[Start of section]

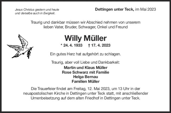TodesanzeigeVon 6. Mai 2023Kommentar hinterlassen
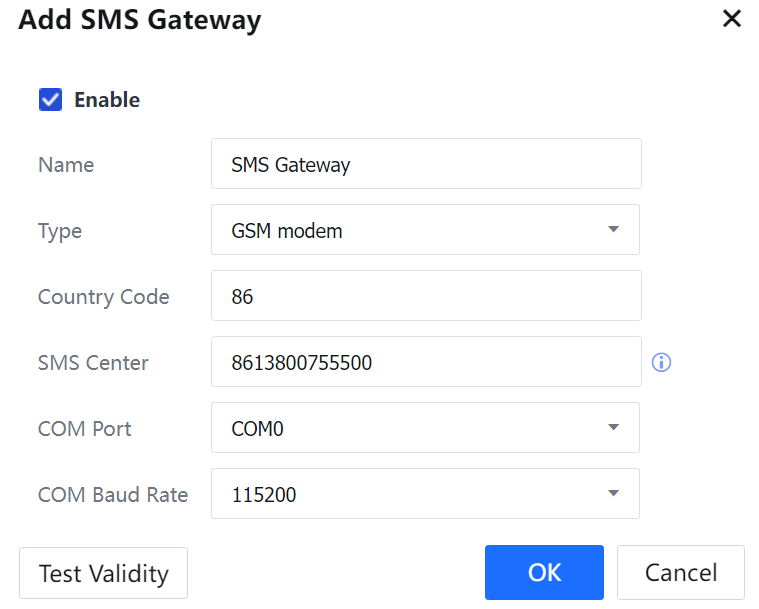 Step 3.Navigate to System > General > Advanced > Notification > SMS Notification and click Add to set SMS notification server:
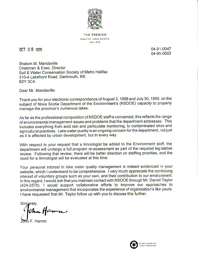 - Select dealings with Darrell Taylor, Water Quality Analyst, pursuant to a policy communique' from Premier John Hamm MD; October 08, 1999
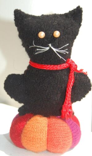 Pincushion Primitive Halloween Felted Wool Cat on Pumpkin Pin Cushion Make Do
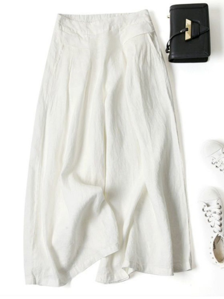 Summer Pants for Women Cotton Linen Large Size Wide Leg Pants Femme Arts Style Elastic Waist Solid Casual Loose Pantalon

[End of section]

Exercise directions: What is needed is every line from the one with "- Select dealings" to the final line of the listing above, set down exactly and with the pictures left out.

Answer space:
 - Select dealings with Darrell Taylor, Water Quality Analyst, pursuant to a policy communique' from Premier John Hamm MD; October 08, 1999
 Pincushion Primitive Halloween Felted Wool Cat on Pumpkin Pin Cushion Make Do
 Summer Pants for Women Cotton Linen Large Size Wide Leg Pants Femme Arts Style Elastic Waist Solid Casual Loose Pantalon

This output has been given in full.